Action item: Each line of the data below between the one containing "Pair of Brass" and the one containing "VICTIM IMPACT STATEMENT", both included, is to be repeated exactly. Please omit pictures.

Data listing:
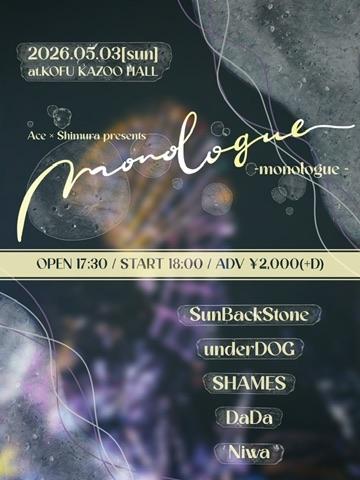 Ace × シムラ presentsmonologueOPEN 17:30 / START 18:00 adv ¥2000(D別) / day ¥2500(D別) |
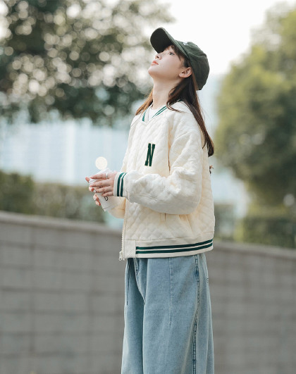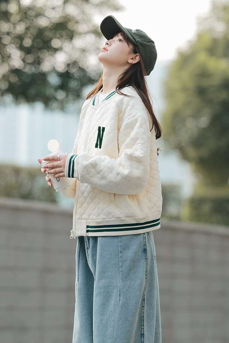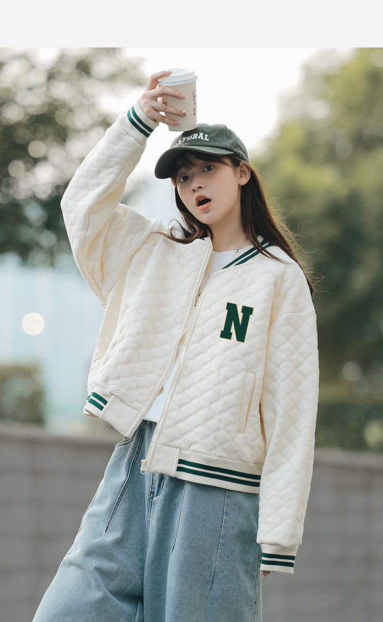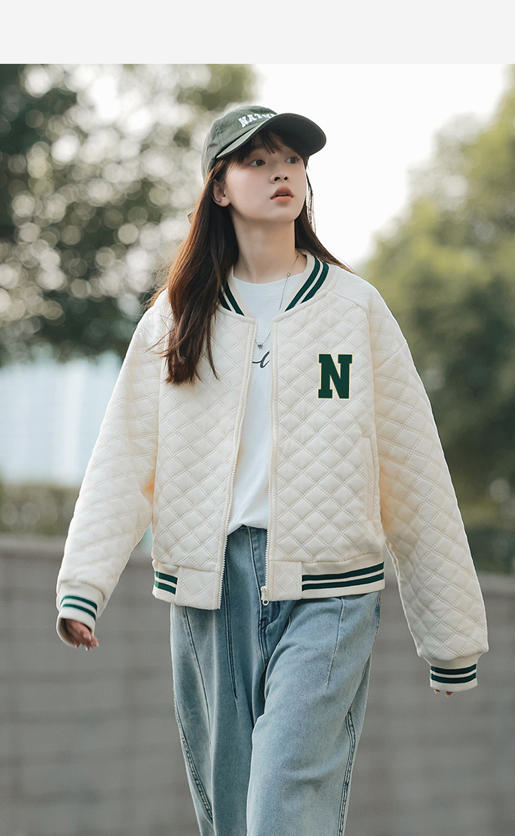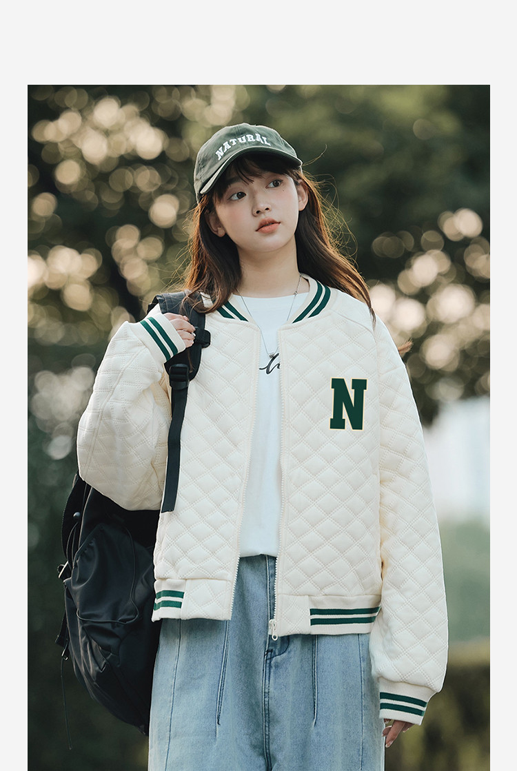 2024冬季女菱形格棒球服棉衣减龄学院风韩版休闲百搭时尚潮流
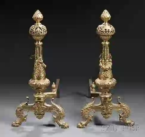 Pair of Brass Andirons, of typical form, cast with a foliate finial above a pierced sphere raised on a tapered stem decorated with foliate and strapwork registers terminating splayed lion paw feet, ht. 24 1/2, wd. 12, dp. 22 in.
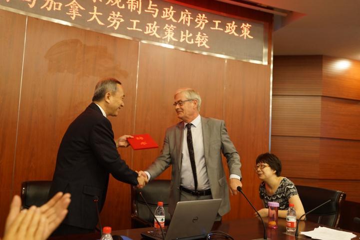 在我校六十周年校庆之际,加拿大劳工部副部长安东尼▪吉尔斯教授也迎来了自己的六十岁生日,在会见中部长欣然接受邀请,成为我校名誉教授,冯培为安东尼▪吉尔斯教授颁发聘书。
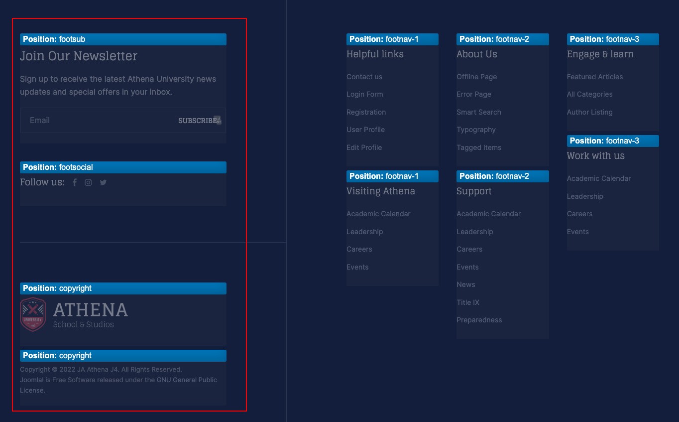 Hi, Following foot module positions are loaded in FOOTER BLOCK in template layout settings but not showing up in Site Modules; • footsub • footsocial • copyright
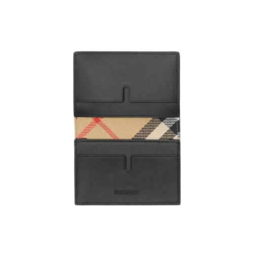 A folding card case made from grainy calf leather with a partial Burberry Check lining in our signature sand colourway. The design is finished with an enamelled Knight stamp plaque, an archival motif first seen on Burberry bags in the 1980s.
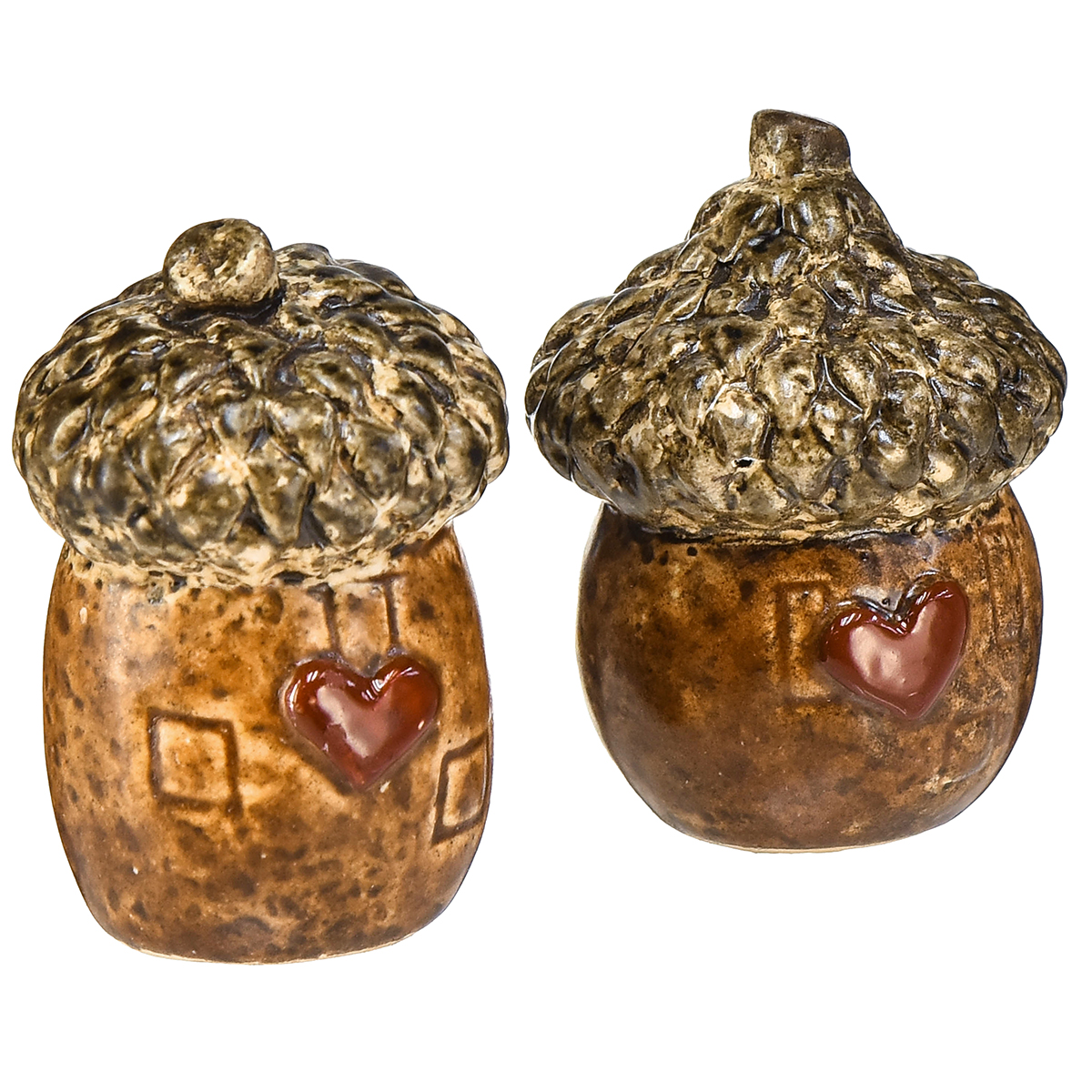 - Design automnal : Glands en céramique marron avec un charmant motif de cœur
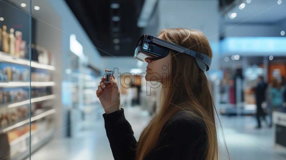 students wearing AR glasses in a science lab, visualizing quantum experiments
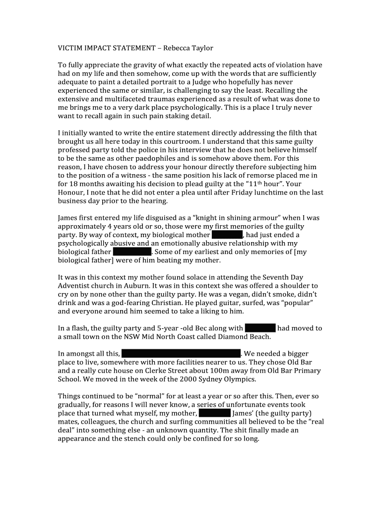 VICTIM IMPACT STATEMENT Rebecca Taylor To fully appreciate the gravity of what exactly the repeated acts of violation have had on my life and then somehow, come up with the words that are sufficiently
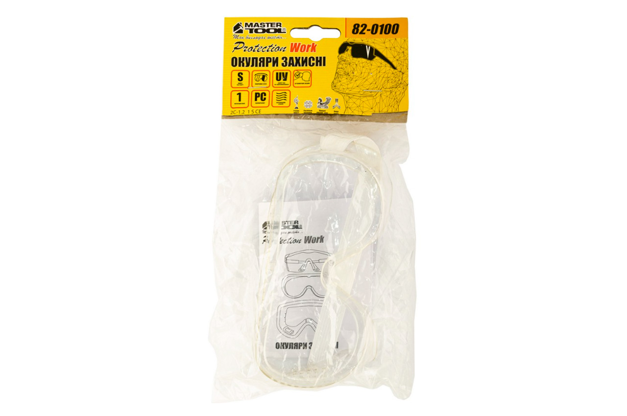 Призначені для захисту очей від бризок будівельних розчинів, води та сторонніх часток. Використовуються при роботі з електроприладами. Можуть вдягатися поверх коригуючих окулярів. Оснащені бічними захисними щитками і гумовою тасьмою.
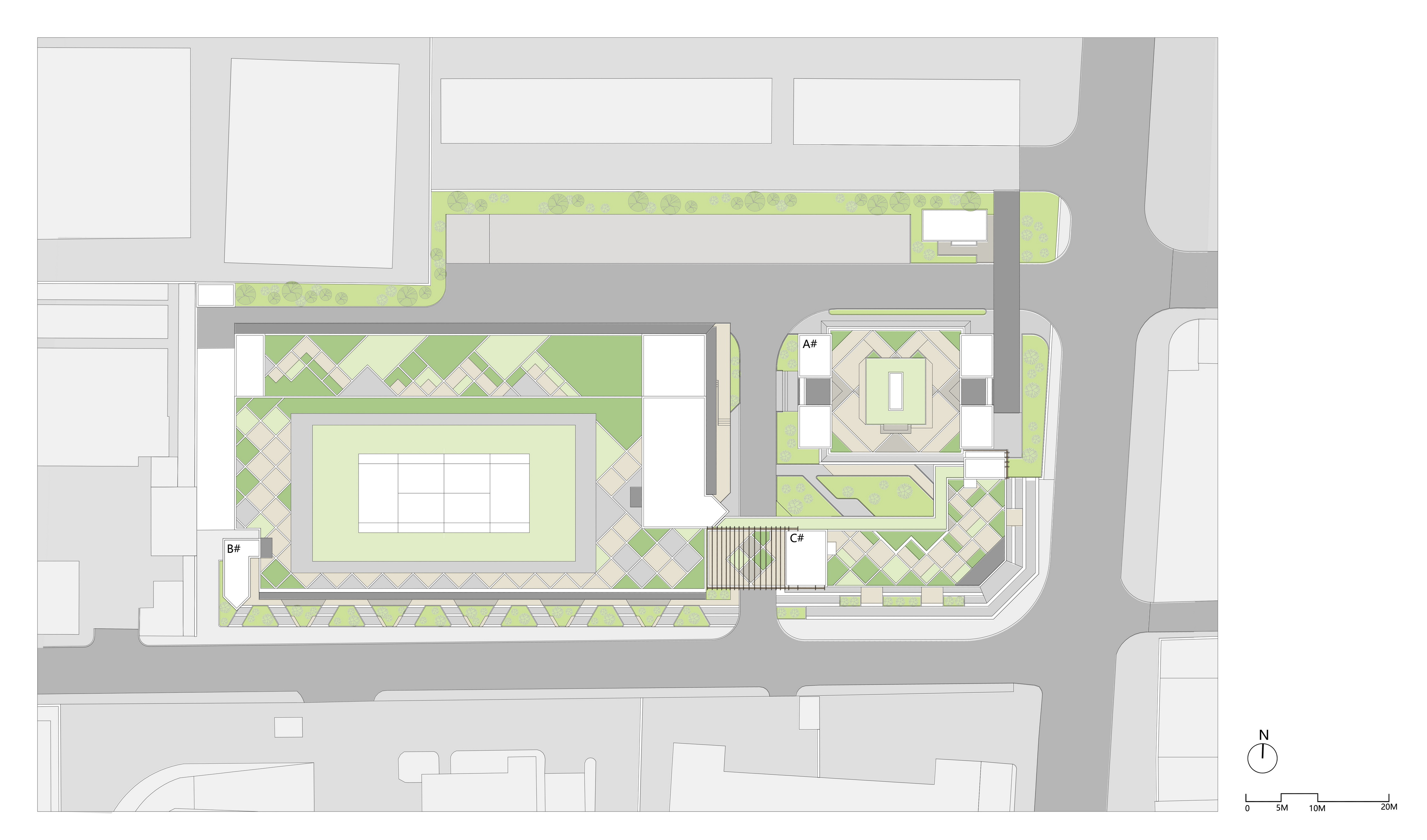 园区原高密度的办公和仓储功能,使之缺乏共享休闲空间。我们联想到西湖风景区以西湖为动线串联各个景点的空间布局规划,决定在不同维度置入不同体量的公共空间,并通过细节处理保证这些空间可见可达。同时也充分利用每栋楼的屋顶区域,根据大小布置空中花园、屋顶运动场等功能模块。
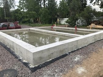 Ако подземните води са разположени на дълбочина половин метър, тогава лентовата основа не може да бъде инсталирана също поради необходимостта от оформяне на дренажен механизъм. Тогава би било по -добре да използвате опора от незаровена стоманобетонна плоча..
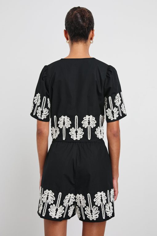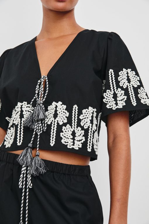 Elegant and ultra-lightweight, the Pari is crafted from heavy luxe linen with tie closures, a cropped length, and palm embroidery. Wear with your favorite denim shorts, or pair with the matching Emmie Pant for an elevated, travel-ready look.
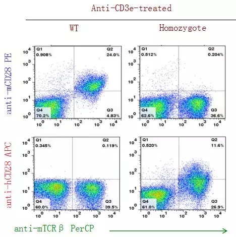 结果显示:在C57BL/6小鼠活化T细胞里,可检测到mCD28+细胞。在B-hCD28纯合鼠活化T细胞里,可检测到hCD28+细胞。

Solved exercise:
 Pair of Brass Andirons, of typical form, cast with a foliate finial above a pierced sphere raised on a tapered stem decorated with foliate and strapwork registers terminating splayed lion paw feet, ht. 24 1/2, wd. 12, dp. 22 in.
 在我校六十周年校庆之际,加拿大劳工部副部长安东尼▪吉尔斯教授也迎来了自己的六十岁生日,在会见中部长欣然接受邀请,成为我校名誉教授,冯培为安东尼▪吉尔斯教授颁发聘书。
 Hi, Following foot module positions are loaded in FOOTER BLOCK in template layout settings but not showing up in Site Modules; • footsub • footsocial • copyright
 A folding card case made from grainy calf leather with a partial Burberry Check lining in our signature sand colourway. The design is finished with an enamelled Knight stamp plaque, an archival motif first seen on Burberry bags in the 1980s.
 - Design automnal : Glands en céramique marron avec un charmant motif de cœur
 students wearing AR glasses in a science lab, visualizing quantum experiments
 VICTIM IMPACT STATEMENT Rebecca Taylor To fully appreciate the gravity of what exactly the repeated acts of violation have had on my life and then somehow, come up with the words that are sufficiently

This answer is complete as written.